Nadia Boulanger’s four songs (from 1904 to 1910) wrap French lyricism and soft harmonies around spiritual poetry. The first, to Paul Verlaine’s ‘La mer est plus belle’, showed off Schultz’s floating legato beautifully, and the final one, ‘Cantique’, brought the set to a moving close with Maurice Maeterlinck’s words of love, suffering and consolation. The encore was Amy Beach’s ‘I Send My Heart up to Thee’ from her Three Browning Songs (1899), the first lines of which seemed especially appropriate: ‘I send my heart up to thee, all my heart/In this my singing’.

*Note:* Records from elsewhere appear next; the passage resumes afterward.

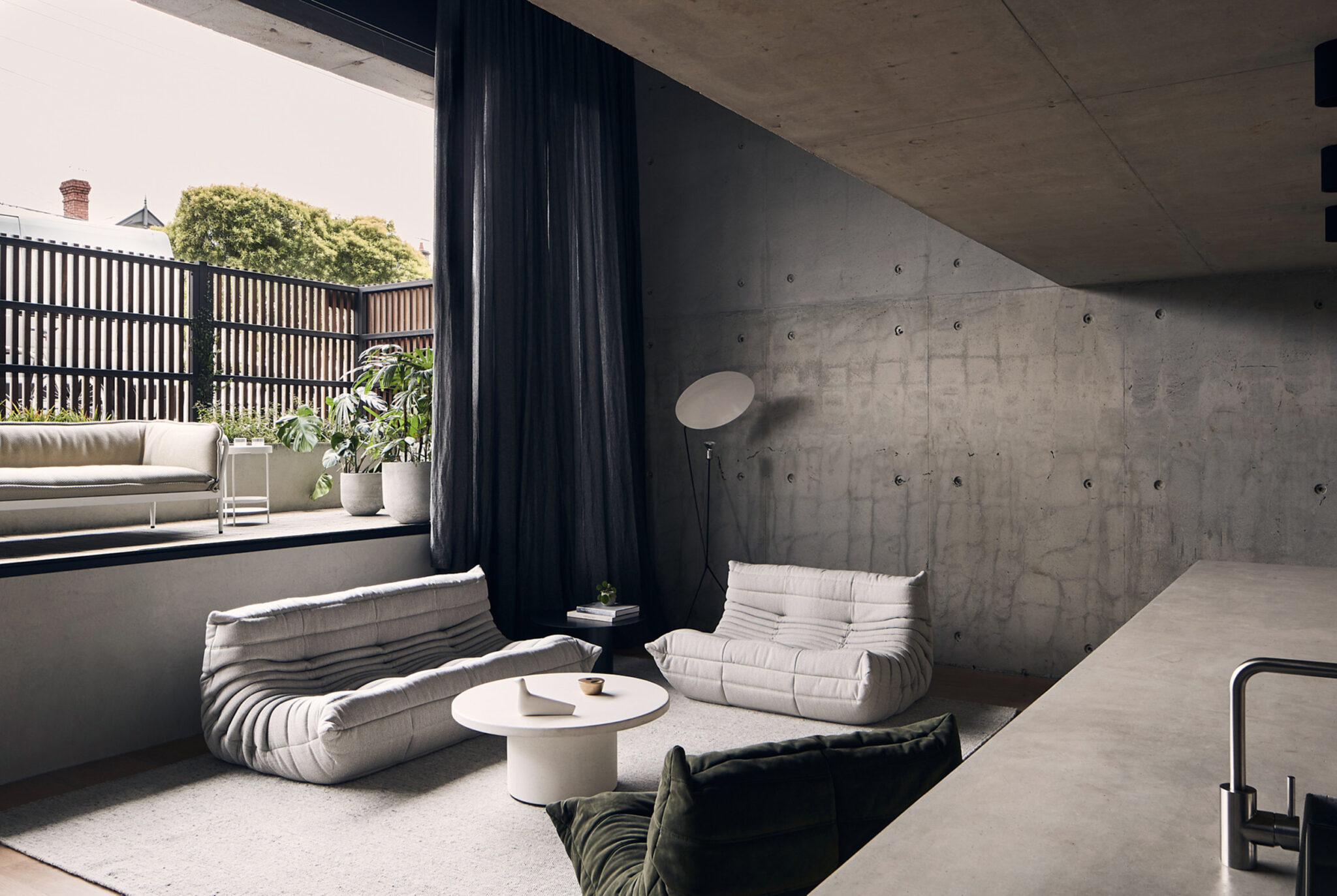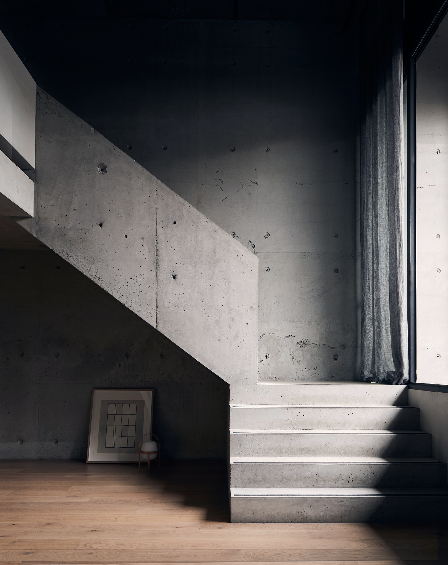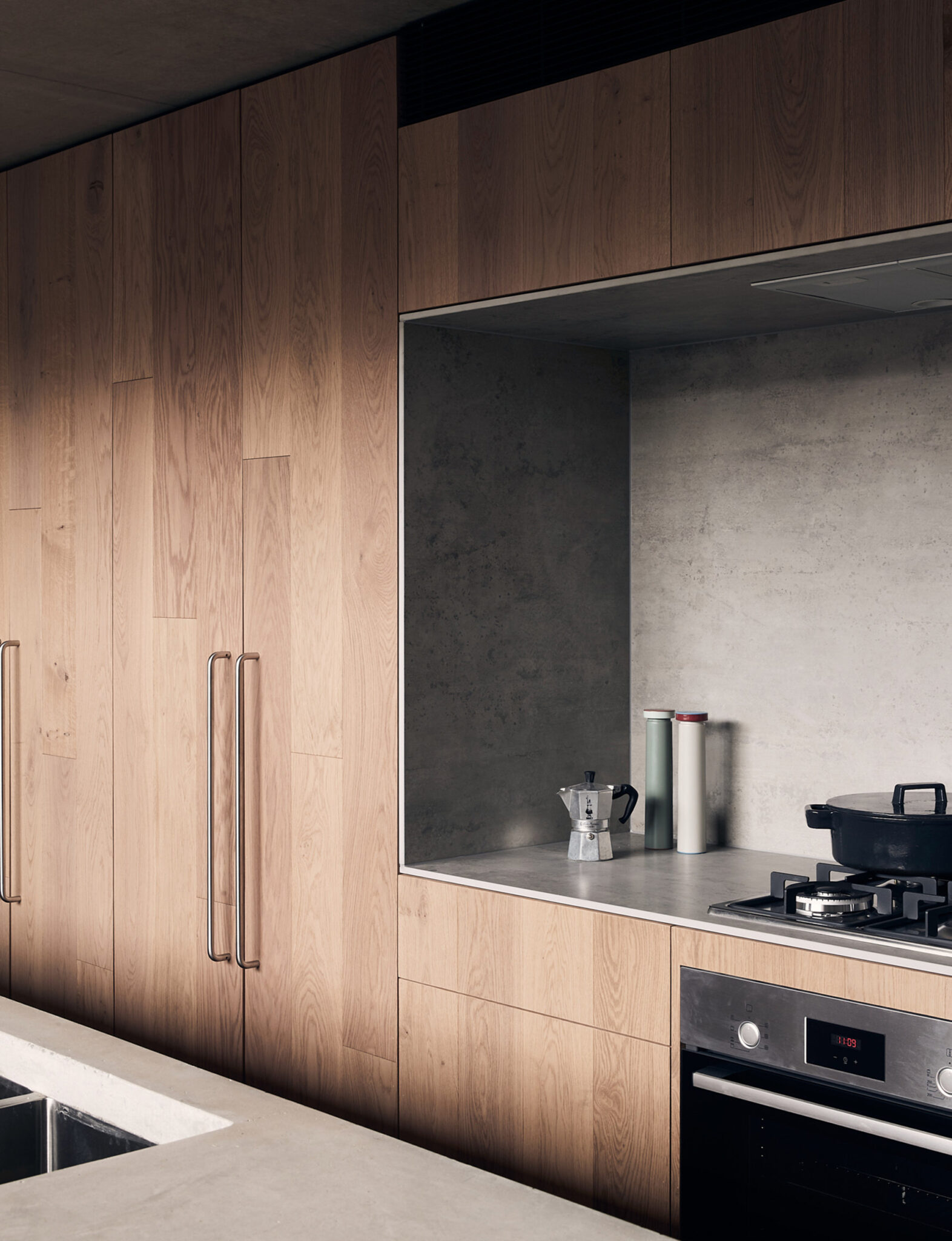 This split level apartment sits within the remnants of a 1970’s Brutalist commercial building recently redeveloped into a series of apartments & townhouses. The ground floor was excavated 1.5 mts below street level creating space for a mezzanine bedroom, walk-in robe & ensuite, with kitchen, laundry & powder room sunk below ground. The living area is defined by a dramatic double height space. The design of the apartment parallels the Brutalist aesthetic of the existing building,accentuating textures with poured in-situ concrete stairs and off-form concrete walls. The material palette is robust yet simple with flooring and joinery in textured white oak.
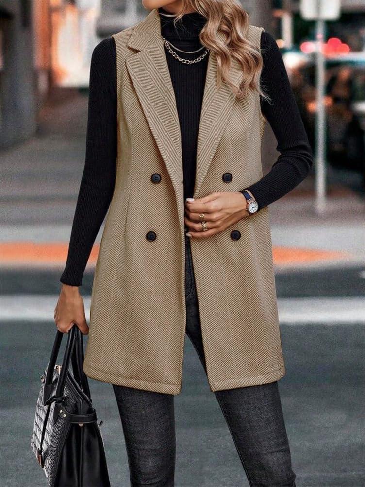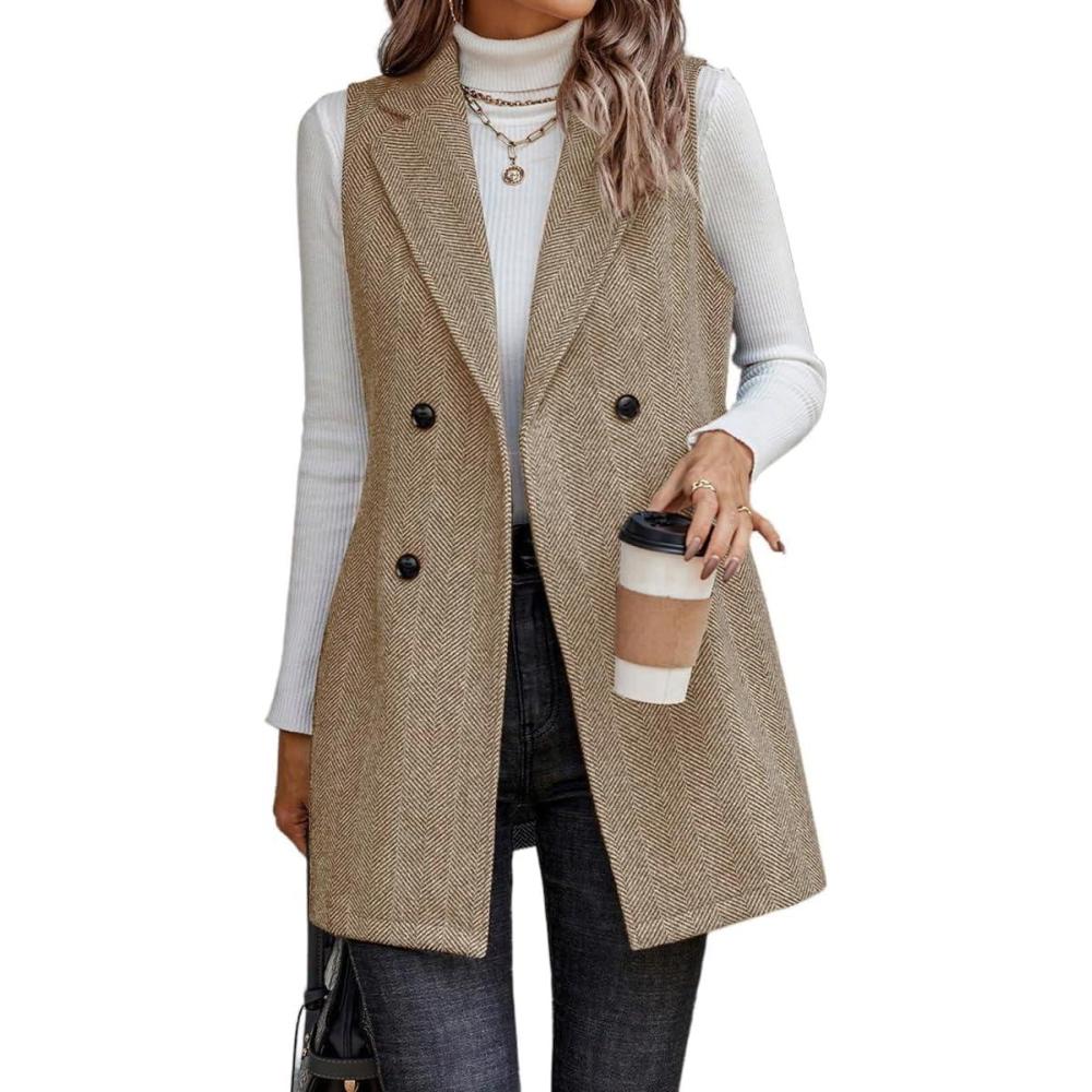 IDEALSANXUN Long Vest for Women Sleeveless Tweed Blazer Fall Jackets Cardigan Outerwear(Khaki)
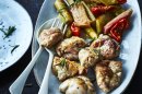 Ris d’agneau poêlés, rhubarbe et tomates confites
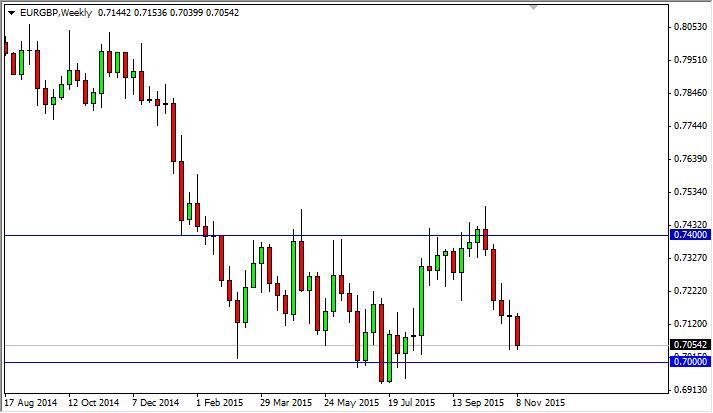 The EUR/GBP pair fell significantly during the course of the week, forming a very negative candle. We tested the bottom of the hammer from the previous week, and we are sitting just above the 0.70 level. Because of this, we think there is a significant amount of support in this area so it can be difficult for us to place any longer-term trade. We would need to break down below the 0.69 level in order to start selling from here, but we certainly have no interest in buying. We could perhaps see a bit of a bounce that gives us an opportunity to short this market again, and at this point in time we have no designs on placing money in this market.

While I was noticing how the music became more complex and varied as we moved forward in time from the mid-nineteenth century, and how it brought out more aspects of Schultz’s gifts, the evening had a more profound effect on my wife. She responded viscerally to the songs’ insights into how women can face the world differently from men, especially those by Tagg and Palmer. She is, like them, a modern woman.
San Francisco is the second stop on a tour that began last week in Philadelphia, taking advantage of Schultz’s off-days from her current role as the Countess in the Metropolitan Opera’s Le nozze di Figaro. The duo next takes this program to Berlin, Köln, London, Aix-en-Provence and Halifax (Nova Scotia).